17Comme chez d’autres écrivains français hispanophiles, l’Espagne est associée par Gracq à une esthétique, à une culture, à un paysage. Logiquement, elle est convoquée pour souligner ce qui s’oppose à elle, ou ce qui lui ressemble. Aux États-Unis, par exemple, « on chercherait en vain Vézelay ou Sancerre, Grenade ou Avila » [Lettrines 2, II, p. 374]. En Italie, les « rideaux d’eucalyptus, plantés de cent en cent mètres, […] assainissent et dénaturent la campagne romaine, comme la Galice ou les Asturies » [Autour des sept collines, II, 887]. Aux collines de la Toscane et de l’Ombrie, Gracq préfère les paysages espagnols de la route qui va de Valladolid à Salamanque. Même la chaleur en Italie est moins intense que cette « reddition africaine à l’incendie solaire qui s’étale entre Valladolid et Salamanque, entre Saragosse et Lérida » [888]. Écrivant La Forme d’une ville, Gracq retrouve un air d’Espagne à Nantes et à Paris : « Il est singulier que, passant du lycée Clémenceau au lycée Henri IV, puis à l’École Normale, j’aie retrouvé autour du Panthéon, presque trait pour trait, le silence à demi clérical, les allées et venues parcimonieuses respirant l’horaire, le rituel et la règle, la manière discrète de se mouvoir à toute heure ainsi que dans les villes d’Espagne à l’heure de la sieste » [II, 785]. Un souvenir de l’Espagne découverte dans les années soixante vient colorer rétrospectivement ces souvenirs de l’adolescence nantaise et de la jeunesse parisienne. Enfin, dans les derniers inédits publiés par Bernhild Boie en 2021, c’est même la Puerta del Sol qui vient s’inscrire dans le paysage parisien14 du treizième arrondissement qu’un fragment de Lettrines 2 présentait déjà pourtant comme un « quartier bouleversé, éventré, rasé, hérissé de donjons de béton, [qui] évoque aujourd’hui Sao Paulo plus que Lutèce » [II, 250].
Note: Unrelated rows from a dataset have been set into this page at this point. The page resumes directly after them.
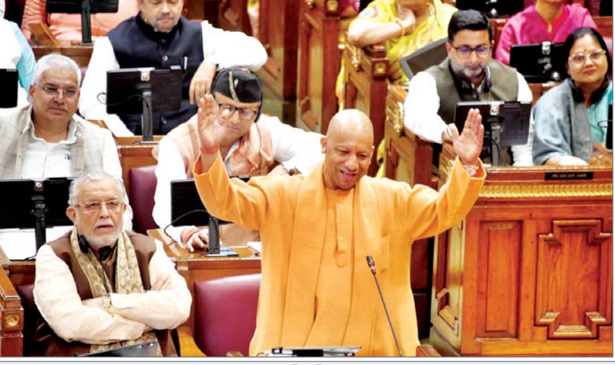
माफिया की तरह इन्सेफेलाइटिस पर भी किया प्रभावी नियंत्रण : मुख्यमंत्री

विशेष संवाददाता लखनऊ। राज्यपाल के अभिभाषण पर शुक्रवार को विधानसभा में धन्यवाद प्रस्ताव पर चर्चा में के दौरान मुख्यमंत्री योगी आदित्यनाथ ने कहा कि पिछले नौ वर्षों की यात्रा अपराध और अव्यवस्था से अनुशासन की यात्रा है। कर्फ्यू से कानून के राज की यात्रा है। उपद्रव से उत्सव की यात्रा है। समस्या से समाधान की यात्रा है और अविश्वास से आत्मविश्वास की यात्रा है। अपने संबोधन में मुख्यमंत्री ने उत्तर प्रदेश की उपलब्धियों, नीतिगत बदलावों और भविष्य की दिशा का व्यापक खाका प्रस्तुत किया। मुख्यमंत्री ने जोर देकर कहा कि उत्तर प्रदेश अब भय का नहीं, विश्वास और विकास का प्रदेश है। अपराध और अव्यवस्था से अनुशासन की यात्रा केवल प्रशासनिक बदलाव नहीं, बल्कि मानसिकता और नीतिगत प्रतिबद्धता का परिणाम है। राजनीतिक मतभेद लोकतंत्र का हिस्सा हैं, लेकिन संवैधानिक संस्थाओं की गरिमा बनाए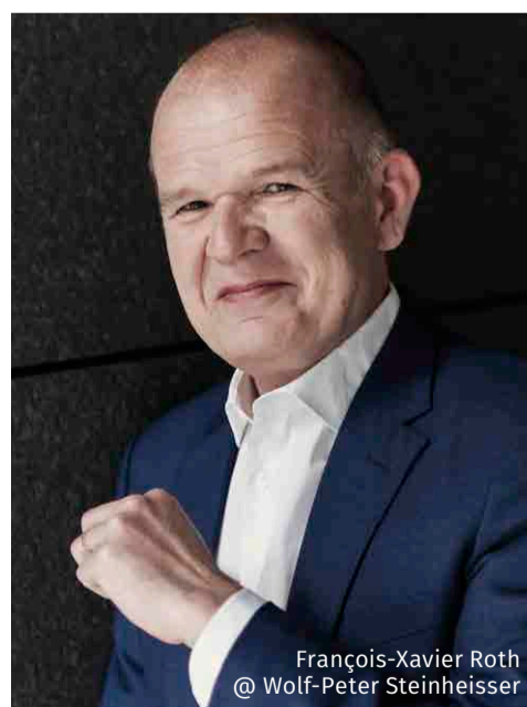
François-Xavier Roth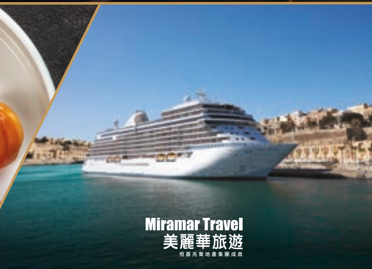
Miramar Travel 美麗華旅遊

18On peut légitimement s’étonner du peu de références à l’histoire tragique de l’Espagne dans les textes de Gracq. Le romancier du Rivage des Syrtes qui adhère au parti communiste en 1936, et qui renvoie sa carte à l’annonce du pacte germano-soviétique, n’est ni Malraux ni Aragon. Il se souvient tout de même, alors qu’il est rapatrié d’un camp de Silésie en 1941, que l’Espagne était à ce moment-là une « antichambre de Londres » [Carnets du grand chemin, II, 1019-1020]. Il se souvient aussi des réfugiés espagnols en France en 1939. « À Argelès-sur-Mer, cent mille campeurs ont pris le relais volontaire des réfugiés d’Espagne de 1939 : le camp de concentration moins les barbelés est la forme palpable que prend en 1963 la joie de vivre pour sept à huit millions de Français ; les barbelés repousseront tout seuls : leur contenu futur a déjà le pli » [Lettrines, II, 242].
19Le charme de l’Espagne vient aussi de sa langue. Gracq qui aime insérer, en italique, des mots étrangers (anglais ou allemands) dans ses textes, évoque-t-il la langue espagnole ? Dans un passage d’Autour des sept collines, il établit une nette distinction entre l’italien – « les sons de Rome » – et le staccato enragé de castagnettes du parler castillan, coupé du para hoy de gorge de l’aveugle marchand de billets » [II, 932]. Là encore, une préférence semble affichée pour l’Espagne. De la langue à la littérature : Gracq ne pouvait oublier Don Quichotte. Relisant le roman de Cervantès, il est sensible « à l’éloignement quasi fabuleux pour nous des objets qui le peuplent, de son mobilier spécifique qui semble tellement plus reculé dans le temps et dans la légende que (par exemple) celui de Rabelais, aîné de Cervantès d’un demi-siècle. Ânes et âniers, caravanes à l’étape, moulins, jarres à huile, ce n’est pas la vie marchande déjà éveillée des campagnes de la Renaissance qui surgit ici, c’est le fond sans âge des contes arabes » [En lisant en écrivant, II, 702]. Gracq aime aussi s’entourer du Montherlant des Bestiaires, et du Cardinal d’Espagne, du Hemingway de Mort dans l’après-midi. Si différent soit-il de Montherlant ou de Hemingway, Gracq a semble-t-il lui aussi été sensible à l’Espagne, à ses paysages, à ses mystères, au point d’avoir construit une Espagne personnelle avec son style et son imaginaire.